Constraints Score Tests ────────────────────────────────────────────────────────────────────── Type Par 1 Par 2 X² df p ────────────────────────────────────────────────────────────────────── Univariate p1 == p2 171.5212 1 < .0000001 ──────────────────────────────────────────────────────────────────────
We the same logic, one can test any reasonable hypothesis in a model by restricting the appropriate coefficients to be equal or to equate a specific value.
(Models 3A-E)
We can now add some endogenous dependent variables. We add
arith
(arithmetic test score) as dependent
variable in the model, with motiv
and ppsych
as predictors of read
, and only motiv
as
predictor of arith
. The path diagram looks like this.
We obtain this model by adding arith
to the Endogeneous Variables field, and then defining its
predictor in the Endogenous Models
panel.
We get exactly the same results obtained in lavaan (cf UCLA statistical consulting webpage).
Parameter Estimates ──────────────────────────────────────────────────────────────────────────────────────────────────────────────────── Dep Pred Estimate SE Lower Upper β z p ──────────────────────────────────────────────────────────────────────────────────────────────────────────────────── read motiv 0.4760551 0.03685137 0.4038277 0.5482824 0.4818294 12.918245 < .0000001 read ppsych -0.2157797 0.02960409 -0.2738027 -0.1577568 -0.2183970 -7.288849 < .0000001 arith motiv 0.6000000 0.03577709 0.5298782 0.6701218 0.6000000 16.770508 < .0000001 ────────────────────────────────────────────────────────────────────────────────────────────────────────────────────
In UCLA page, there is an interesting discussion about the residuals variances of this model, compared with a model with endogenous covariances set to zero. The discussion is useful to understand the difference in the results of a multivariate path analysis model (more than one dependent variable) as compared with a series of univariate models.
We can reason on this issue from the angle of the variance explained, thus the \(R^2\)’s.

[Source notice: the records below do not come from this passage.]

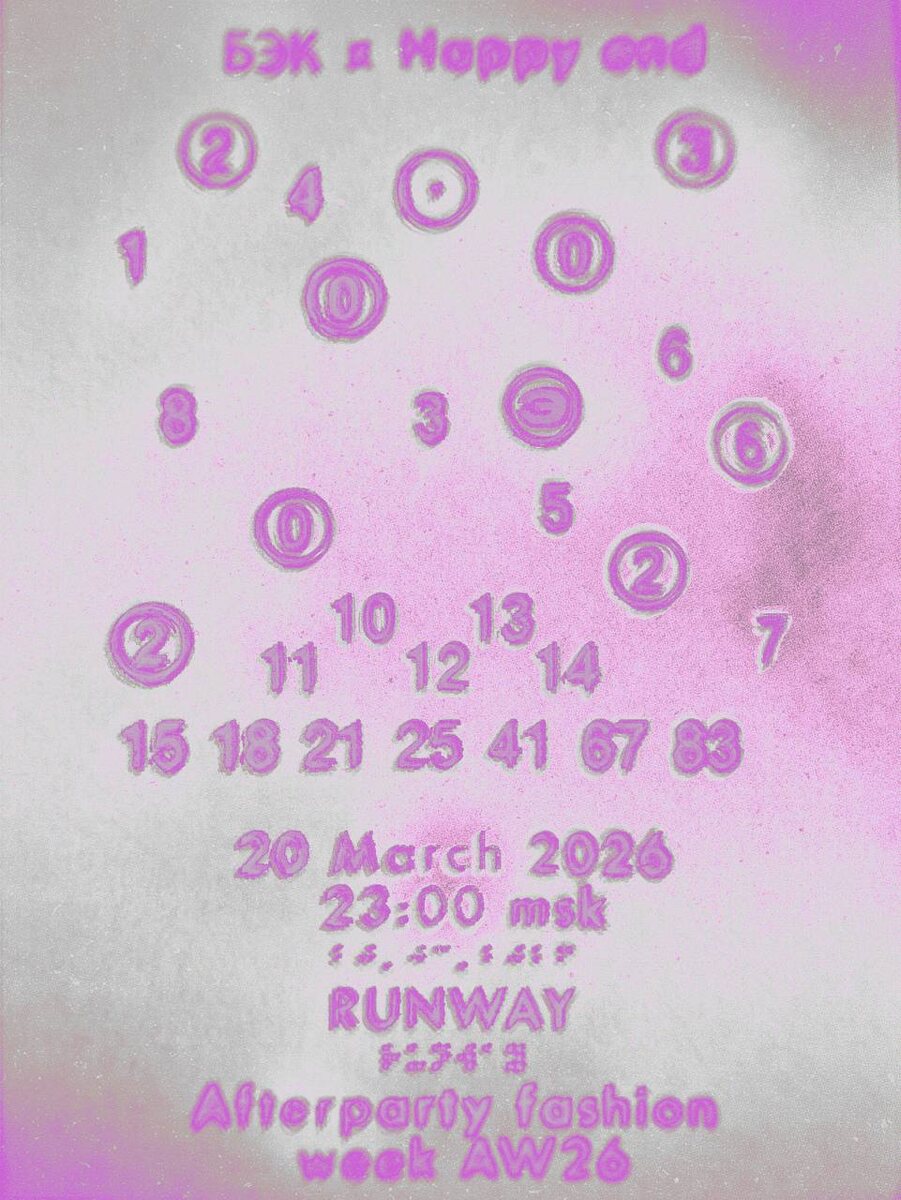 После показов AW26 в Милане и Париже индустрия встречается в Москве, а значит начинается то, ради чего многие и приезжают на недели моды. Afterparty! В этот вечер подиум перемещается на танцпол, модели за DJ пультом, стилисты выходят из бэкстейджа, фотографы оставляют камеры. Sasha Panika • Sonnez • Senitsa (hybrid set) • Kirakira • Dima Noire • Sega Mega Scum • & secret guest Проект курирует БЭК коммьюнити на пересечении моды, музыки и городской культуры. 🎫 Билеты Fc 18+ 📆 20 марта, 23:00 — 04:30 📍Happy End, Москва, Спиридоньевский пер, 9с1
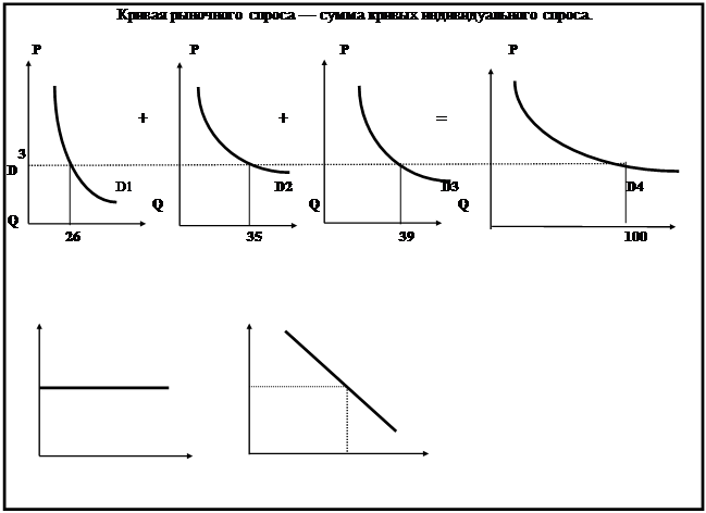 На любом рынке выступает много покупателей, поэтому целесообразно говорить о рыночном спросе. Переход от шкалы индивидуального спроса к шкале рыночного спроса может быть легко осуществлен по средствам суммирования величин спроса, предъявляемого каждым потребителем при разных возможных ценах. Мы просто совмещаем кривые индивидуального спроса по горизонтали, чтобы вывести общую кривую спроса (см. таблицу №2).
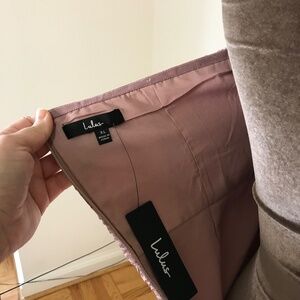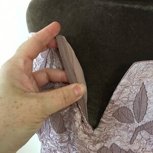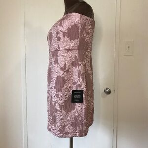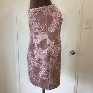 New with tags, only tried on. Cocktail length strapless dress in a dusty pink fabric with a crinkle texture (has the body-smoothing effect of ruching). V-shaped notch in the neckline is reinforced with hidden boning, also boning on the sides. Clear grippy silicone strip all around the top of the dress helps it stay in place. Hidden zipper in back.
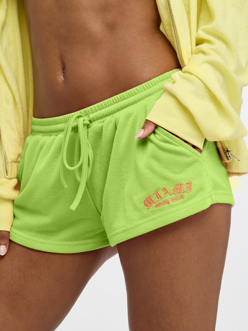 SUMWON WOMEN ウィメンズグラフィック ドローストリング ブーティーショーツ、マイアミテキストプリント、サマーフェスティバル カジュアルルームウェア ショートパンツ
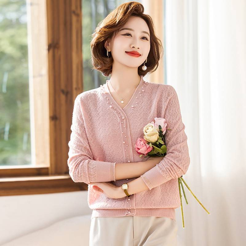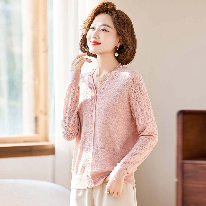 妈妈秋装洋气打底衫中年女装2024新款长袖T恤中老年春秋针织上衣
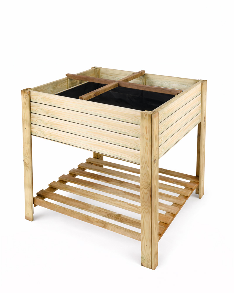 Fabricado con pino silvestre de alta calidad y tratado con el sistema de autoclave, este huerto urbano garantiza una gran resistencia a la humedad, al desgaste y a las inclemencias del clima, asegurando su durabilidad en exteriores. Además, incluye una malla geotextil que cubre el depósito del modelo, mejorando el drenaje y protegiendo el sustrato de la erosión. Esta malla es esencial para mantener las raíces de las plantas saludables y garantizar un crecimiento adecuado.
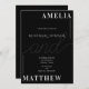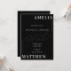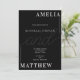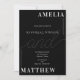 This rehearsal dinner invitation features a chic, black backdrop complemented by a minimalist aesthetic. The couple's names are elegantly displayed in bold, white serif font, linked by a tasteful ampersand. Its crisp, contemporary design exudes sophistication and style, ideal for announcing a pre-wedding event.
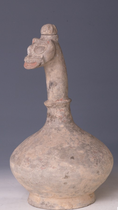 盖壶小口,细长颈,颈部有一凸弦纹,溜肩,圆腹,圈足外撇。圆盖凸起,上绘堆塑图案。兽头双目外鼓,额上有棱角外突,嘴部宽扁呈盆口形。盖壶彩绘大部分已剥落,胎质疏松,烧成温度不高。
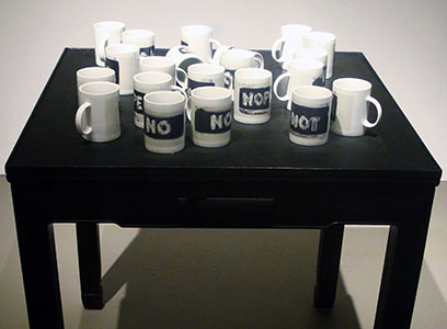 "Unpleasant Conversations" is composed of two mixed media art installations. One is a linear wall installation of forty-six "NO" series plates, "NO", "NOT", "NOPE", and "NO-NO" that are repeated around the gallery on a yellow band, like a cautions tape, with a narrow red line in its center, and a red arrow at the entry. The other installation consists of 21 "NO Series" cups in disarray on a square black table in the center of the gallery.
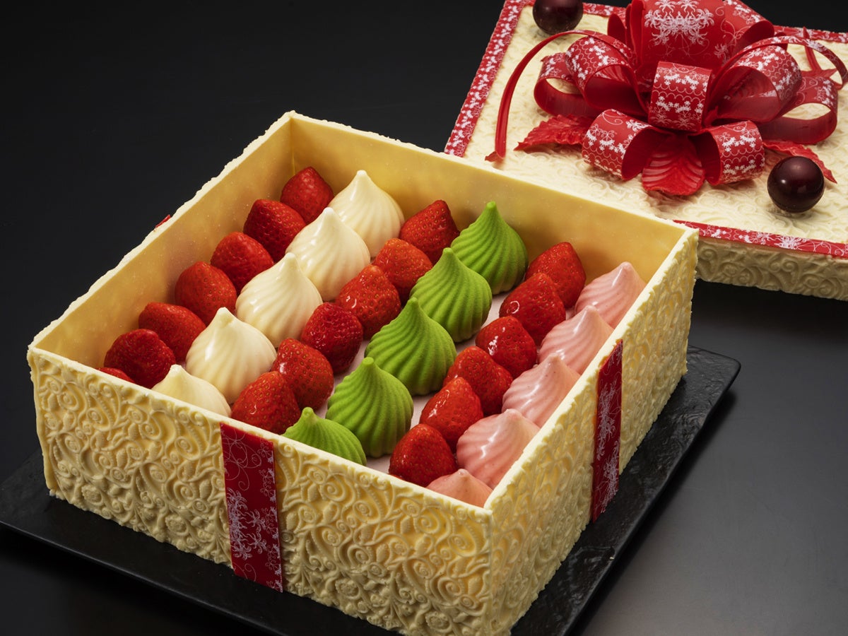 カカオ・トレース認証品のミルクチョコレートと、ASIAGAP認証の冷凍苺をジュレにして使用し、アーモンドクリームと風味豊かなパン・ド・ジェンヌを重ね、パティシエがひとつひとつ手作りで仕上げたリボンやボックスも全て食べられるチョコレートで出来ており、ボックス型に見立てたクリスマスケーキに仕上げました。
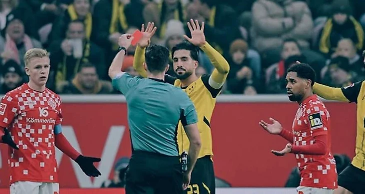 План хозяев на игру сработал с самого начала, поскольку «Боруссия», хотя и контролировала игру, но ничего не могла поделать с глубоко эшелонированной обороной «Майнца». А если линия прессинга переигрывалась гостями, то «карнавальщики» за счет лучшей физической готовности успевали быстро откатываться назад, и заставляли соперника постоянно бороться за мяч и за позицию и тратить свои драгоценные силы. Это привело к тому, что уже к середине первого тайма характер игры начал меняться. А на 27-й минуте Джан недалеко от своей штрафной очень грубо и опасно сыграл против Ли Джэ Сона, и главный арбитр матча Флориан Бадштюбнер без колебаний показал капитану красную карточку. Уже в 3-й раз в этом сезоне дортмундцы остались вдесятером. И все три раза в гостевых матчах.
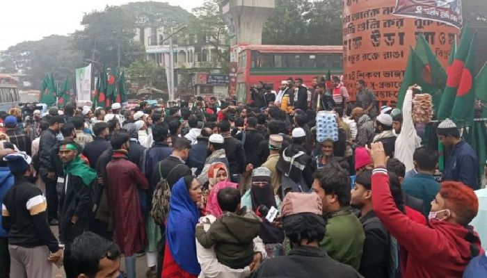 ইনকিলাব মঞ্চের আহ্বায়ক শরীফ ওসমান হাদি হত্যাকাণ্ডের বিচার ও জড়িতদের দ্রুত গ্রেফতারের দাবিতে টানা তৃতীয় দিনের মতো শাহবাগ মোড় অবরোধ করেছেন সংগঠনের নেতাকর্মীরা। রবিবার (২৮ ডিসেম্বর) দুপুর আড়াইটা থেকে শাহবাগের সবকটি গুরুত্বপূর্ণ সড়ক বন্ধ করে অবস্থান নেওয়ায় রাজধানীর বড় একটি অংশে তীব্র যানজট সৃষ্টি হয়েছে। একই দাবিতে আজ দুপুর ২টা থেকে দেশের ৮টি বিভাগেও একযোগে অবরোধ কর্মসূচি পালন করছে সংগঠনটি।
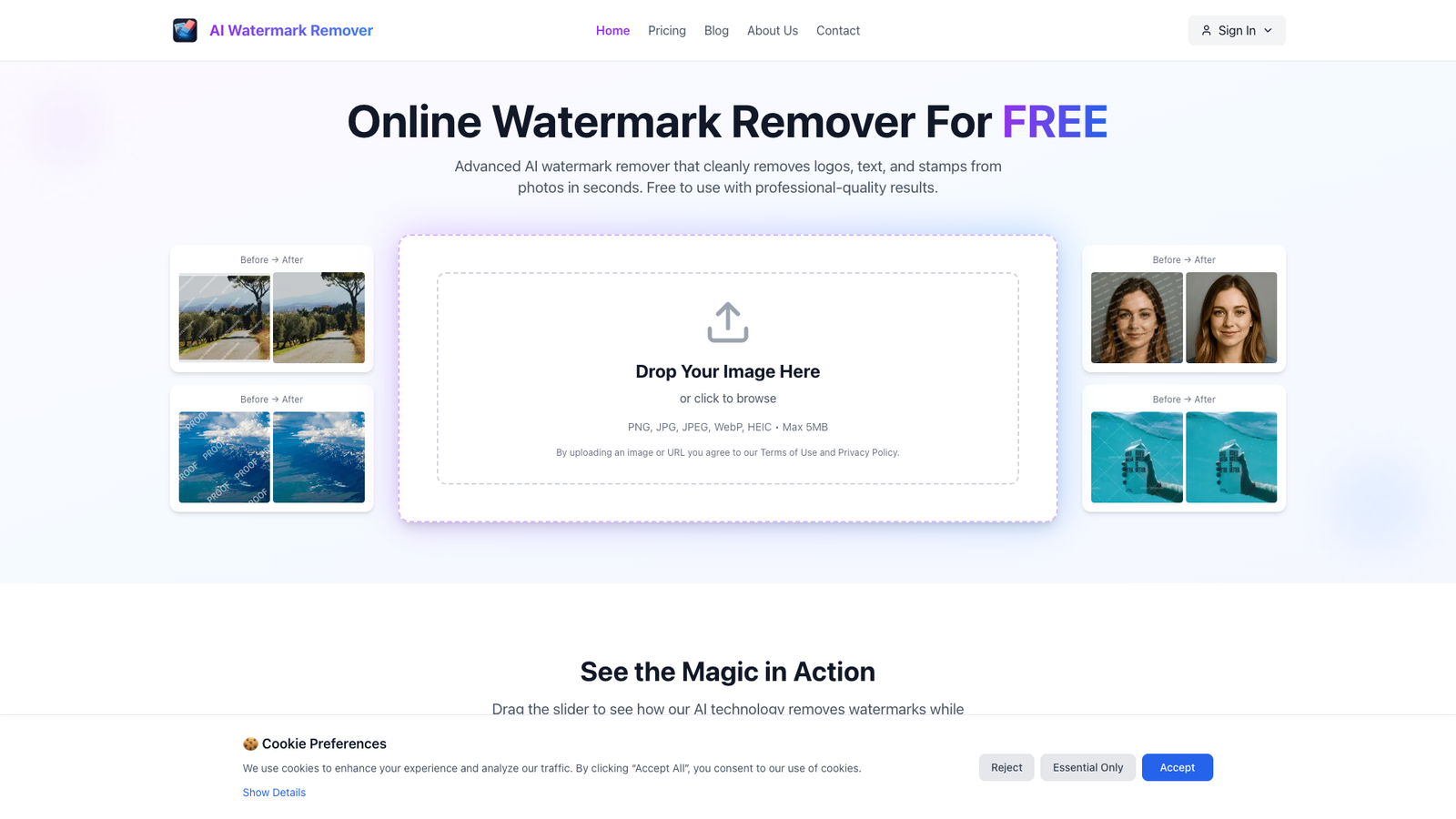 AI Watermark Remover удаляет водяные знаки с изображений прямо в браузере. Достаточно перетащить файл или выбрать его с диска, и нейросеть автоматически обработает фото за несколько секунд.

Model 3 \(R^2\) are the following:
R-squared ─────────────────────────────────────────────────── Variable R² Lower Upper ─────────────────────────────────────────────────── read 0.3324719 0.2651740 0.3998317 arith 0.3600000 0.2924226 0.4268227 ───────────────────────────────────────────────────
We can wonder what would be the \(R^2\)’s one obtains if one runs two independent multiple regressions, one for each dependent variables. Employing jamovi regression, we obtain:
Dependent=read
Dependent=arith
For arith
the \(R^2\)
is the same found with PATHj, but for
read
it is different. The reason is that the two
regressions do not consider the correlation between read
and arith
, that cannot be included in the model and help to
explain variance. The path analysis model, instead, considers that
variance and incorporates it in the variance explained.
If we want to obtain with the path analysis the exact results
obtained with two regressions, we should set the correlation between
read
and arith
to zero, so the model would not
include it in the variance explained. We can do that by setting the
corresponding label (p6
) to zero in the Custom Model Settings with the directive
p6==0
.
R-squared ─────────────────────────────────────────────────── Variable R² Lower Upper ─────────────────────────────────────────────────── read 0.3516267 0.2840957 0.4186440 arith 0.3600000 0.2924227 0.4268228 ───────────────────────────────────────────────────
Results are now identical to the individual regressions. In other words, the advantage of a multivariate model over a series of individual univariate models is that the endogenous variables correlations are taken into the account in the former, and ignored in the latter. incidentally, a multivariate model with orthogonal (not correlated) dependent variables does not have any advantage over a series of univariate models.